The Berlin Wall divided the city for nearly 30 years, but it inspired some iconic artwork. Curator Paris Agar takes us through the East Side Gallery in Berlin, exploring its art work and what the pieces meant to Berliners then and now.

Art and the Berlin Wall

I’m here at the East Side Gallery in Berlin, the longest surviving stretch of the Berlin Wall at 1.3Km in length, that’s just under a mile long. This open-air gallery runs along the river Spree and is one of the city’s most popular tourist attractions. It opened in 1990 just after the fall of the wall, and features over 100 paintings by more than 100 artists from 21 different countries. 

The murals reflect on this pivotal moment in world history. ‘My god, help me to survive this deadly love’ is one the most famous. Copied from a photograph it captures socialist leaders Erich Honecker and Leonid Brezhnev in a loving embrace. Another mural shows a Trabant, a car synonymous with East Germany, breaking through the wall. 

This mural was created by East German artist Jürgen Grosse, known as Indiano. In 2009 it was repainted as part of a project to conserve East Side Gallery artworks that had been vandalised or were in a state of disrepair. ‘Save our earth’ has particular poignancy today in relation to climate change. But in 1990 it was one of hundreds of motivational messages which Indiano emblazoned on the wall after it fell in 1989. These messages were designed for a global audience and acted as a call to action, a way forward for the dawn of a new era in Berlin. 

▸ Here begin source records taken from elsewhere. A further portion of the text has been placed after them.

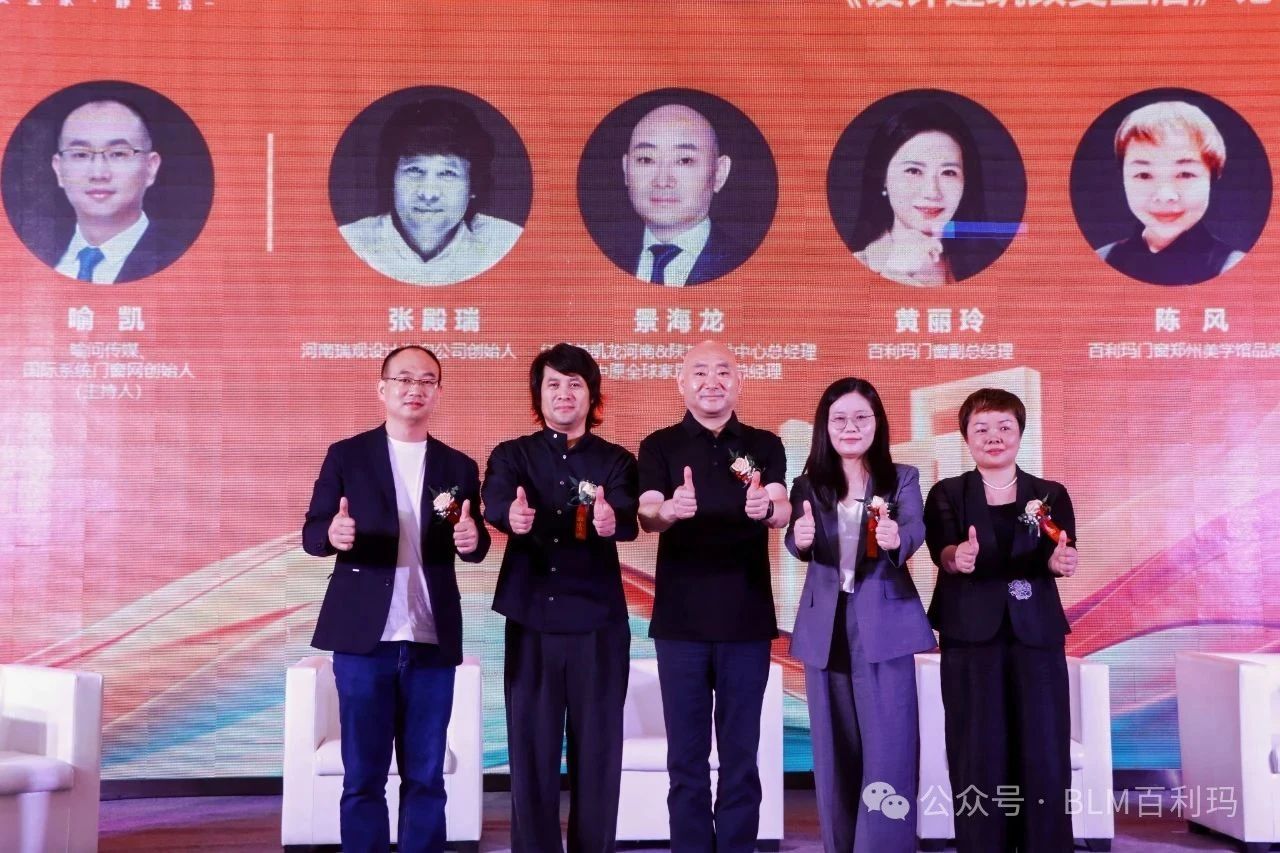 红星美凯龙河南&陕甘营发中心总经理兼中原全球家居1号店总经理景海龙,百利玛门窗董事长黄维寿、副董事长熊秋梅,国家建材质检中心副主任、河南省家居建材质检协会秘书长张自端,河南省陈设艺术协会主席曾志刚,红星美凯龙中原全球家居1号店常务副总经理程鹏,河南瑞观设计咨询公司创始人张殿瑞,百利玛门窗副总经理黄丽玲、范玉成、常务副总经理凌云青,郑州美学馆总经理黄正生、品牌主理人陈风等领导嘉宾及经销商代表出席盛会。
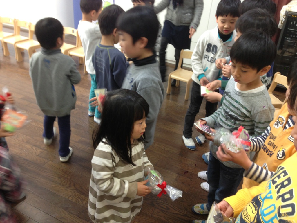 まずはおやつを食べて、さくらさんから歌のプレゼント。ゆりさん、たんぽぽさんからさくらさんに、さくらさんからはゆりさん、たんぽぽさんに心を込めて作ったプレゼントを渡しました。
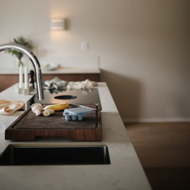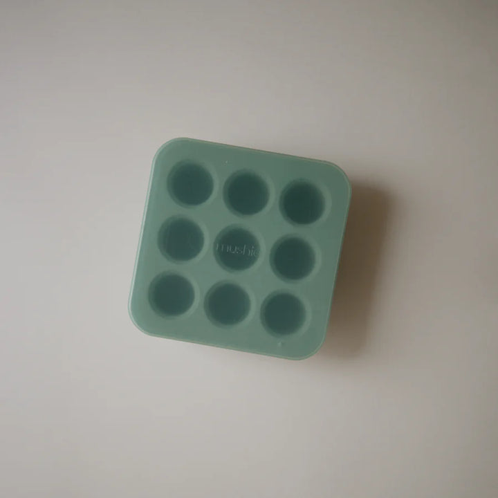 Kjo tabaka kompakte ngrirje prej silikoni është projektuar për ngrirjen e pureve dhe ushqimeve të grira që përshtaten në mënyrë të përsosur brenda kutive të ushqimit të freskët Mushie.
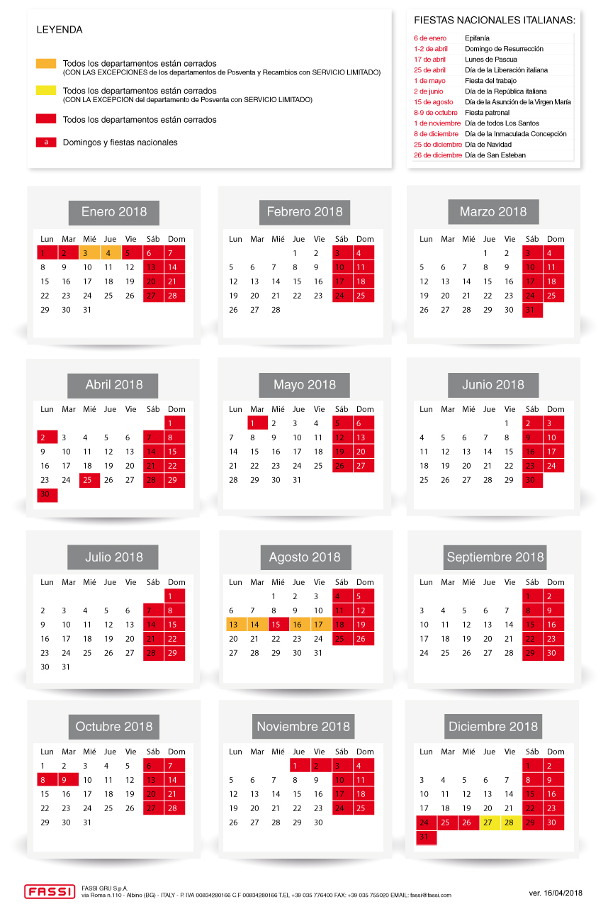 Fassi Gru S.p.A. permanecerá cerrada los siguientes días:
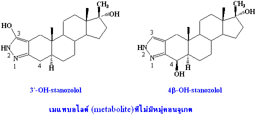 โครงสร้างของสเตโนโซลอลขณะถูกเมแทบอไลต์ที่ตับหรือกล้ามเนื้อและขับออกทางปัสสาวะ
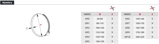Opaski zaciskowe OP wykonane są ze stali nierdzewnej. Znajdują szerokie zastosowanie przy połączeniach instalacji wentylacyjnych, spalinowych oraz wodnych. Ze względu na wysoki moment zaciskania mogą być stosowane w instalacjach wysokociśnieniowych. Dostępne są w rozmiarach od Ø60-80 do Ø200-220.
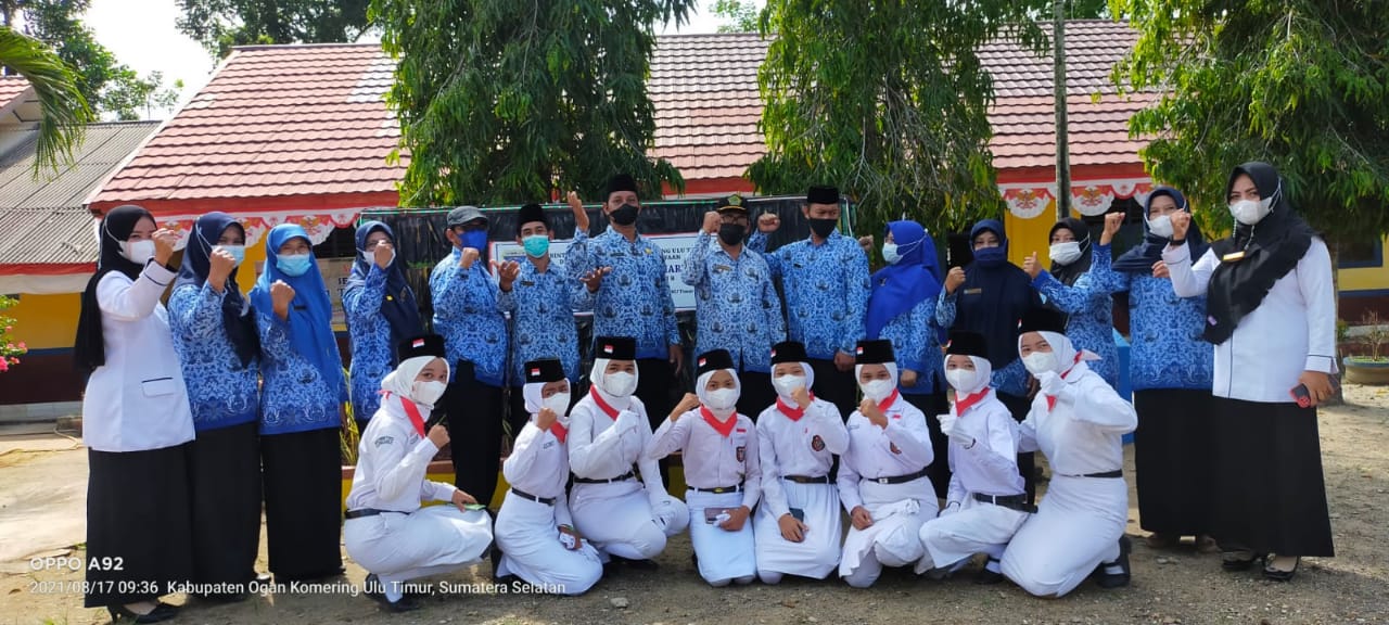 jejakkasus.co.id, OKU Timur – Pemerntah Desa (Pemdes) Sidomulyo melaksanakan peringatan Hari Ulang Tahun (HUT) RI ke-76 tahun 2021 di halaman SDN 01 Trans Batu Marta VII, Kecamatan Madang Suku III dengan penerapan Protokol Kesehatan (Prokes) sangat ketat, Selasa (17/08/2021).
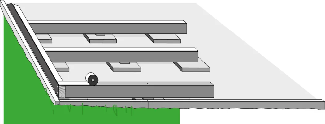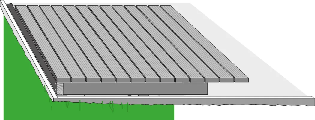 Die Unterkonstruktion verläuft in diesem Beispiel parallel zum Haus. So verlaufen die Terrassendielen mit dem Gefälle vom Haus weg. Verwende für die Unterkonstruktion das gleiche Material wie die Terrassendielen. An jedem Auflagepunkt wird eine Terrassenunterlage untergelegt. Diese sorgen für den Schutz des Holzes vor Nässe.
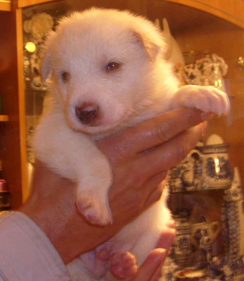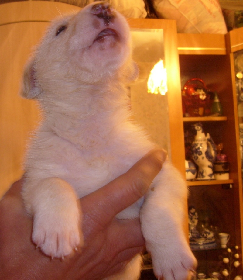 Щенки очень красивые и очень крупные(около 3 кг.). Белые похожи на лабрадоров,а остальные на овчарок.Мы уже два раза пристраивали ее щенков- вырастают крупные и очень умные собаки.
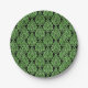 Plato De Papel Elegante patrón de damasco negro verde esmeralda v
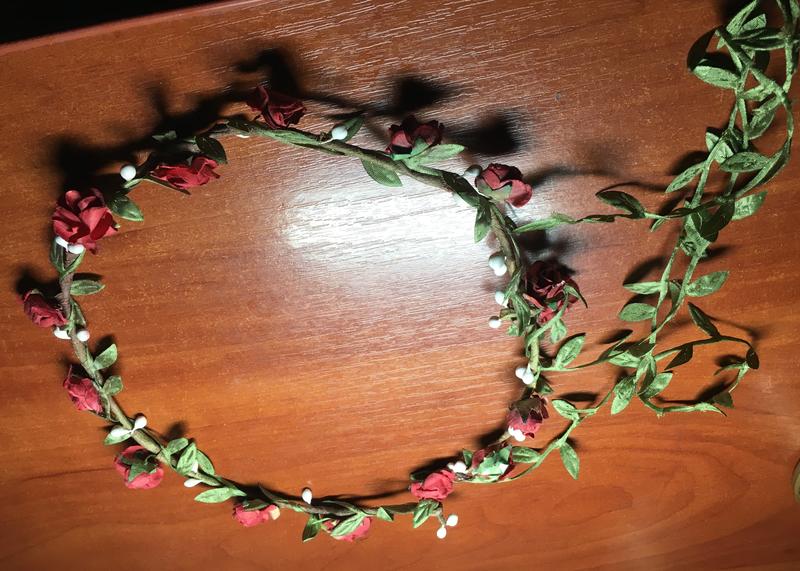 Віночок відповідає фото, діаметр- 18 см, листочки- шовковиста стрічка, може слугувати елементом костюму чи інтер"єру
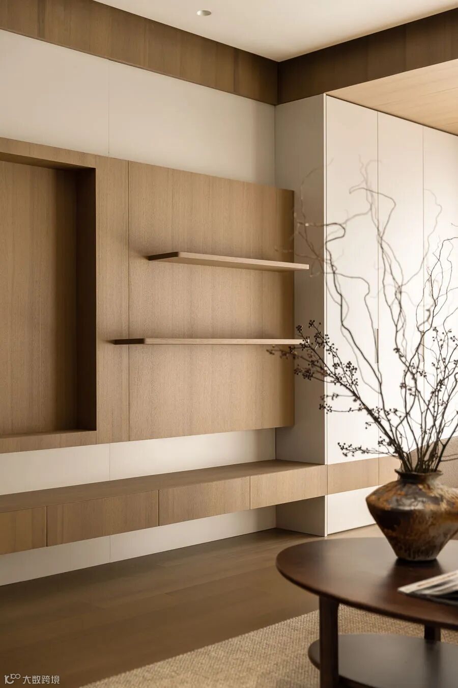 以细腻的白、原木纹理铺展空间。
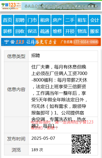 住厂夫妻,每月有休息但晚上必须在厂住俩人工资7000-8000福利:每月带薪2天休,法定日上班享受三倍薪资,工作满当年一整年后,享受5天年假全年除法定日外,均无休(如有需求,跟领导报备即可)1、公司提供宿舍空调,专属洗衣机,热水器2、每月10日准时发放工资3、法定日每人均享受公司节日福利及法定上班的三薪待遇。工作内容:根据能力进行分配。男可负责烧沼气锅炉或热炉(干净无粉尘)+厂内零活或车间其他岗位工作+厂内零活女负责办公室+办公卫生及每日一顿正餐,14人左右。要求:踏实稳重,干净整洁,有责任心,服从公司管理,家常便饭,但要好吃。联系电话:18045727388王18045727388 【电话咨询时,请一定说明在七台河信息网看到的,谢谢!】 |
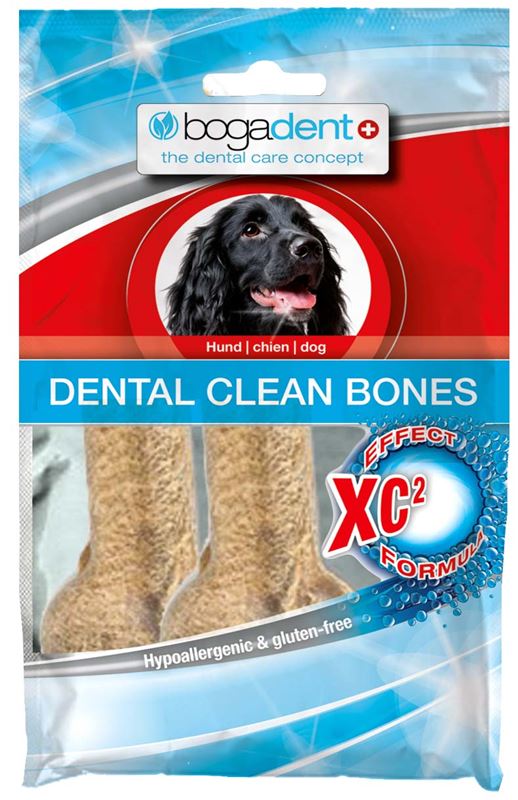 Die leckeren, hypoallergenen und glutenfreien bogadent®DENTAL CLEAN BONES sind die ideale Lösung, Zahnpflege und Kauvergnügen zu verbinden. Die innovative XC2-Effect-Formula, bestehend aus einem besonderen Fruchtextrakt (CB90MX) und aus speziellen Mineralstoffen, kann vor Plaque- und Zahnsteinbildung schützen. Die harte Konsistenz der DENTAL CLEAN BONES unterstützt zudem den mechanischen Abrieb von Plaque und Zahnstein und stärkt gleichzeitig die Kaumuskulatur.
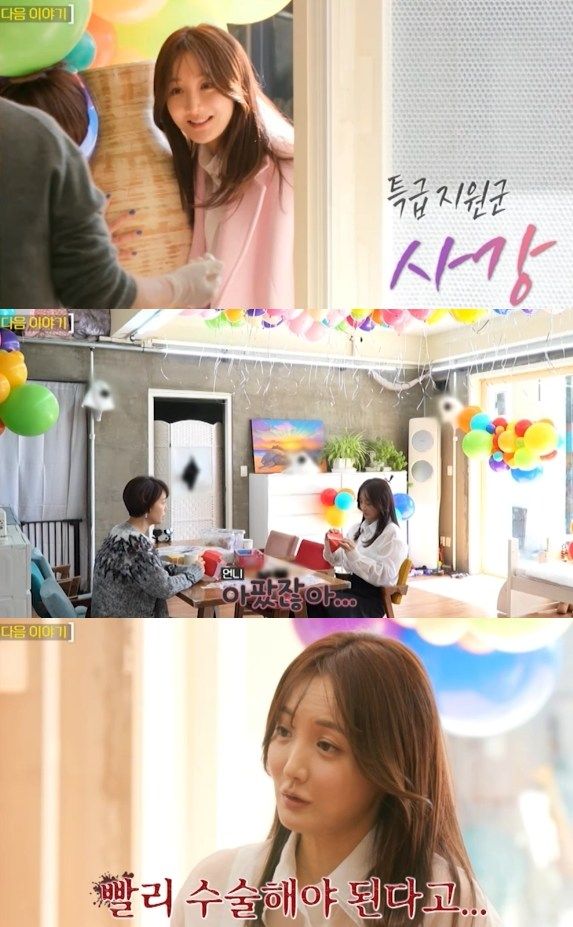 황정음이 "언니 아팠잖아"라고 운을 띄우자 사강은 "(병원에서) 빨리 수술해야 한다더라. 몸 안에서 장기 파열이 일어났다"고 고백해 황정음을 놀라게 했다.
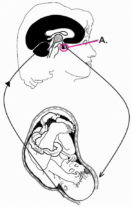 50. Slika prikazuje živčano-hormonsku regulaciju poroda.
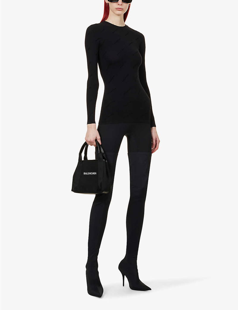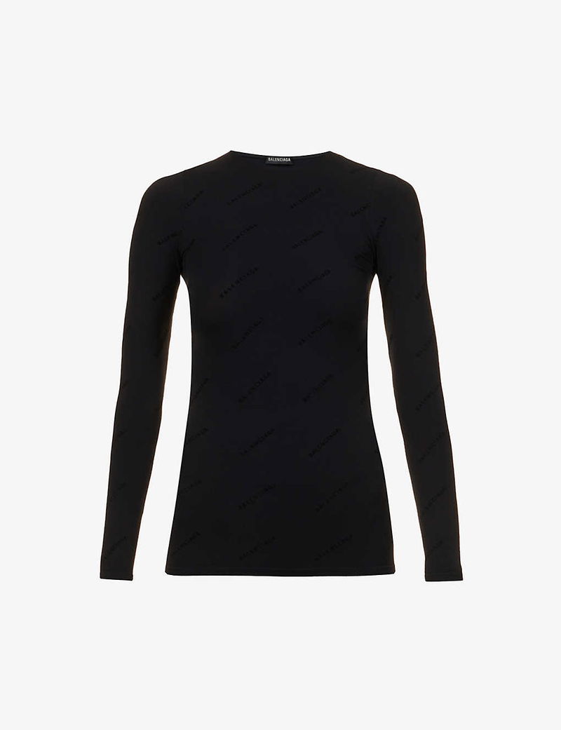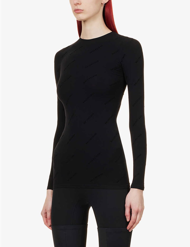When it comes to branding, Balenciaga's recent collections suggest the bolder, the better. But for SS23, the label's Creative Director Demna Gvasalia takes a somewhat subtler approach. The result? Modest offerings like this round-neck top. Spun from a stretch-infused fabric that provides a figure-hugging, second-skin fit, the long-sleeved style is then printed with a tonal rendition of the brand's signature monogram motif.
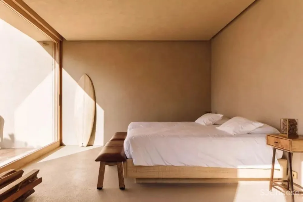 民宿内的房间,整个空间非常纯粹和干净,光影的效果非常舒缓。
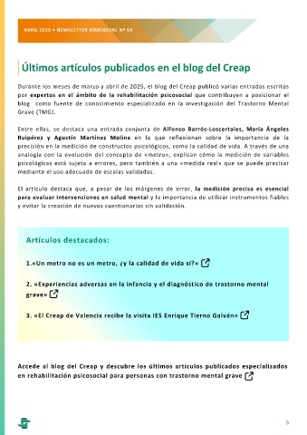 Durante los meses de marzo y abril de 2025, el blog del Creap publicó varias entradas escritas
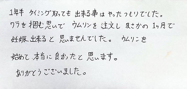1年半出来る事はやったつもりでした。ワラを掴む思いでした。ウムリンを始めて、本当に良かったと思います。ありがとうございました。
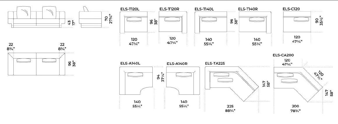 Das Elissa Modular Sectional Sofa ist in verschiedenen Abmessungen erhältlich, um unterschiedlichen Raumgrößen und -layouts gerecht zu werden. Jedes Modul kann auf vielfältige Weise kombiniert werden, um sowohl großzügige Wohnräume als auch kompaktere Umgebungen zu bedienen. Das durchdachte Design sorgt dafür, dass das Sofa nicht nur großartig aussieht, sondern sich auch nahtlos in Ihr Zuhause einfügt und jahrelang Komfort und Stil bietet.
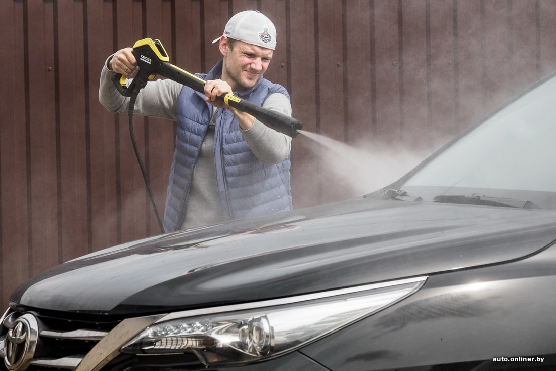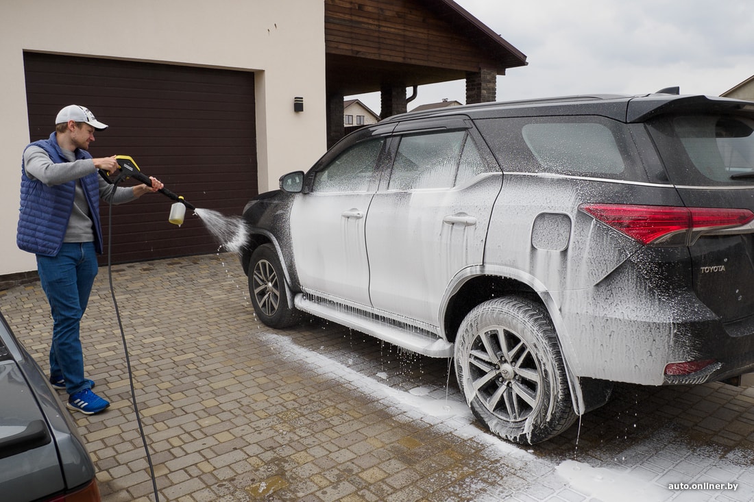 С кем, а точнее с чем, нам придется иметь дело в этот раз? Вера в собственные силы, сменяемая почти бравадой, подтолкнула к тому, чтобы усложнить себе задачу вдвое. Выбранные автомобили не похожи абсолютно ничем. Один — совсем свежая Toyota Fortuner. Владелец использует машину каждый день и для работы, и для нужд семьи — жены и трех дочерей. То есть в авто возят детей. После опыта с трудным мытьем семейного Mitsubishi Outlander в прошлой серии это вызывает некоторое беспокойство.

I’m on Leuschnerdamm a street in Kreuzberg district of Berlin. During the 1980s, this was one of the poorest areas of West Berlin, a hub for immigrants, students, and artists. The Berlin Wall ran along this stretch of road here and became a canvas for artists living nearby. After the fall of the Berlin Wall in November 1989, artist Indiano painted 223 individual wall sections here in just 7 months. One of those sections, inscribed with the message ‘Change your life’, was from this very spot and can now be seen outside IWM London.